Invitations to Narnia : 30 Days of Truth

Day 05 : Something you hope to do in your life.

As it stands, one can find me within the wardrobe amongst the coats, between the real world and my Narnia. This is not the Narnia as others know it. It is the absolutely surreal, ever shifting landscape, containing both horrific monsters and beautiful, majestic creatures. All of that world is tucked away, within a wardrobe, in an innocuous cranny of my home. Many unsuspecting people could stroll up to it, jam their coat in, and never give this unassuming wardrobe another thought.

Lunaria

But, this world is not meant to exist tucked away.  This world lives inside of me, wrapped up in an old world map, tied with a satin ribbon.  It waits to unfurl for all of the world to see.

Snapshots of this map are contained within every word, in each piece that I carefully create.  Some have been privy to view them, scanning the terrain, gazing upon the horrors and magesty.  Others have been lucky enough to set foot on the Terra Amici, The Land of Friends, specifically set aside to welcome guests who have braved the Sea of Aliquim.  And others, those closest to me, have journeyed through the deepest, darkest places of Lunaria.

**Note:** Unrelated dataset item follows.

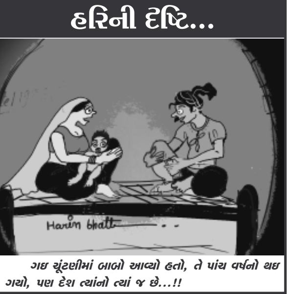
ગઈ ચૂંટણીમાં બાળો આવ્યો હતો, તે પાંચ વર્ષનો થઈ ગયો, પણ દેશ ત્યાંની ત્યાં જ છે...!!

અમદાવાદ, તા. ૨૩ દેશની ટોચની આઈઆઈટી અને એનઆઈટી કોલેજોમાં પ્રવેશ માટે સોન્ટ્રલ બોર્ડ ઓફ સોફ્ટવેર એન્જિનિયરિંગ દ્વારા જેઈઈ-એન્ટ્રન્સ એકઝામ મેઈન ૨૦૧૪ની પરીક્ષા લેવામાં આવી હતી. જેની આન્સર-કી આગામી ૨૫મી એપ્રિલે વેબસાઈટ પર મુકવામાં આવનાર છે. જેને વિદ્યાર્થીઓ પોતે પરીક્ષામાં આવનાર છે જેને વિદ્યાર્થીઓ પોતે પરીક્ષામાં લખેલા જવાબો સાથે સરખાવીને પોતાના પરીણામનું અનુમાન લગાવી શકશે જ્યારે પરીક્ષાનું પરીણામ ૨૩ મેના રોજ રજુ કરાશે. પ્રાપ્ત થતી માહિતી મુજબ દેશની ટોચની આઈઆઈટી અને ઈજનેરી સંસ્થાઓમાં પ્રવેશ માટે જેઈઈ-એન્ટ્રન્સ એકઝામ ફરજિયાત બનાવવામાં આવી છે. જે વાતને ધ્યાનમાં રાખી તાજેતરમાં સોન્ટ્રલ બોર્ડ ઓફ સોફ્ટવેર એન્જિનિયરિંગ દ્વારા જેઈઈ મેઈનની ઓફલાઈન અને ઓનલાઈન પરીક્ષા લેવામાં આવી હતી. સીબીએસઈની યાદીમાં જણાવ્યા મુજબ દેશભરમાંથી ૧૩ લાખ ૫૬ હજાર વિદ્યાર્થીઓએ જેઈઈ મેઈનની પરીક્ષા આપી હતી ત્યારે હવે સીબીએસઈ દ્વારા આ પરીક્ષાની આન્સર-કી વેબસાઈટ પર અપલોડ કરવાનો નિર્ણય કર્યો છે. જે અંતર્ગત આગામી ૨૫મી એપ્રિલે જેઈઈ મેઈન પરીક્ષાની આન્સર-કી સીબીએસઈ બોર્ડની વેબસાઈટ ઉપર મુકવામાં આવશે. ત્યારબાદ જેઈઈ મેઈન પરીક્ષાનું પરીણામ ૨૩ મેના રોજ રજુ કરવામાં આવશે. આ પરીક્ષાને આધારે દેશભરમાંથી દોઢ લાખ ટોચના લેવાતા વિદ્યાર્થીઓને જેઈઈ-એન્ટ્રન્સની પરીક્ષા આપવા માટે સિલિકેટ કરવામાં આવશે. જેઈઈ એન્ટ્રન્સની પરીક્ષા ૨૫મી મે ૨૦૧૪ના દિવસે લેવામાં આવશે જેનું પરીણામ ૧૯ જુને રજુ કરવામાં આવશે.

I dream of the day that I allow Lunaria to emerge from the wardrobe.  This is the day that the earth will quake around me to birth Lunaria from within.  I will invite others to explore at will, without the requirement of the confines to Terra Amici.  To brave the fiery mountains, volcanoes spewing molten rock,shifting and shaping the landscape daily.  The mountains grow higher, only to be whittled away by the erosion.  Bask in Bad Wolf Bay.  Peer deeply into Mare Demersi, but still fear to tread too closely.  Lose themselves in Vac Saltus, and navigate the sullen, sunken lands of Val Mergullado.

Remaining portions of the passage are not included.